The biggest surge came in April 2020, when the number of claimants rose by 40 percent.
But since then the numbers have increased each month by two percent – 90,000 people per month.
The data has sparked fresh concerns over the proposed cut to the uplift put in place at the start of the pandemic.
Chancellor Rishi Sunak will deliver his Spring Budget in the House of Commons on March 3, where it is currently expected he will announce a reversal of the £20 per week uplift to the welfare benefit.
How much could I lose?
Universal Credit was increased at the beginning of the coronavirus pandemic prior to the creation of the Jobs Retention Scheme.

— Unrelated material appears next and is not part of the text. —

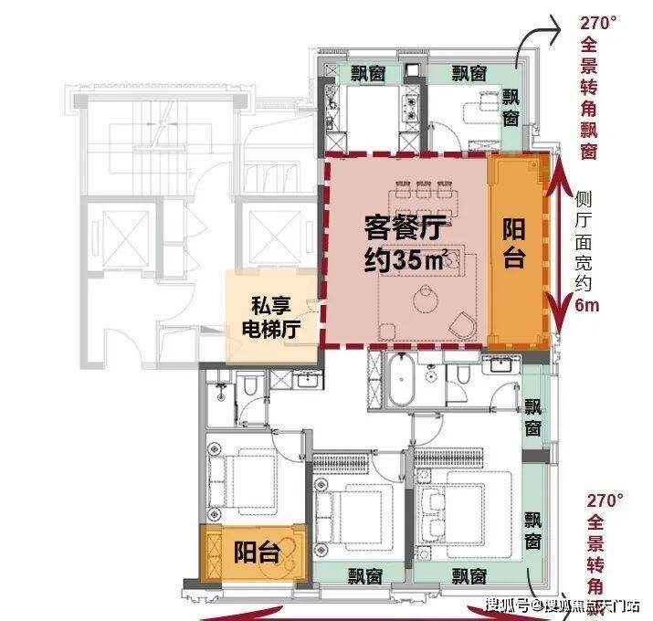 户型设计全屋飘窗与大尺度阳台,采光度全面提升,空间感倍增! 全屋赠送飘窗面积约12㎡ (不计容) 可自主改造,阳台总面积约14㎡ (一半计容) 搭配约7㎡的入户私厅,户型实得率超高!

The payment currently stands at £342.72 for single claimants under 25, and £409.89 per month for single claimants aged 25 or over.
If it is not extended in the upcoming Budget, Universal Credit will be cut by £20 per week, taking it back to pre-pandemic levels.
This amounts to £1,040 per year – a huge amount for those who are on the breadline and struggling in poverty.
There is consensus across parties in parliament that the uplift should stay in place for the remainder of the coronavirus crisis.
Multiple backbench Tory MPs have called for the top-up to be made permanent, as well as charitable organisations.
The Treasury is understood to have also considered one off payments of £500 for claimants – but this now seems unlikely to materialise.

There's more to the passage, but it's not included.